The use of random amplified polymorphic DNA (RAPD) markers to identify a number of chickea (cicer arietinum L.)

number: 
390
English
Degree: 
Imprint: 
Biotechnology
Author: 
Yaseen Ismaeel Aumran
Supervisor: 
Dr. Jaladet M. S. Jubrael
Dr. Galib H. Al-Bakri
year: 
2002
Abstract:

The objective of this study was to detect DNA polymorphism among eleven chickpea (Ciccr airietinum L.) varieties/lines cultivated in Iraq using Random Amplified Polymorphic DNA (RAPD) Markers in order to identify different varieties / lines. To achieve this the following steps were carried out: (Genomic DNA of chickpea plants was extracted using CTAB method. The concentration of DNA recovered was ranging between (200-250) ug / 3 g of fresh plant tissues with a molecular weight of approximately 50 kbp and a purity ranging between (1.7-1.8). In this study, Twenty different random primers were evaluated for their usefulness in detecting DNA polymorphisms among chickpea genomes tested. This involved first optimization of RAPD reaction conditions including, DNA template, Taq DNA polymerase, and Primer concentrations The results obtained were as follows: Eight primers showed no amplified product across all chickpea genotypes. Twelve primers amplified genomic DNA across the chickpea varieties/lines with different efficiency. The generated DNA fragments using these primers were scored by their presence or absence and the differences in their molecular weight across the chickpea varieties/lines. The total number of amplified bands generally ranged between (21-154) and the molecular weight varied between (0.12-3.89) kbp according to the primer used.
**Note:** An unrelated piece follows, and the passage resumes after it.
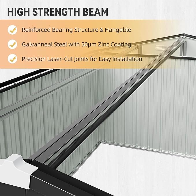 - All-Weather Performance & Space Optimization: Engineered with crush-resistant wall panels and waterproof joints, this garden shed withstands snow loads and heavy rains. The depth maximizes vertical storage for tall equipment, while the sloped roof design adds overhead clearance. Optional shelving racks (not included) help organize shovels, umbrellas, and gardening tools

Another important result obtained from this study was the possible discrimination and / or identification of nine varieties/lines namely ( Shoki, Raffidien, Marakishi, Dijla, IPA-46,IPA-69, IPA-510, F91-52C,and F92-I20C) with seven primers that were ( OPA-07, OPA-20, OPB-09, OPE-02, OPF-02, OPG-08, OPP-12 ). In order to enhance the DNA polymorphisms among RAPD patterns produced by primer OPA-02, the amplified product was digested with the tetra nucleotide restriction enzyme Tru 91. Successful results were also obtained by detection of DNA polymorphism among patterns compared to the monomorphic RAPD patterns produced originally by this primer. The results of this experiment made also the possible identification of three different varieties/lines namely Shoki variety, I PA-510 line, and F91-52C line. These results clearly demonstrated the feasibility of using RAPD markers in breeding programs of chickpea in Iraq.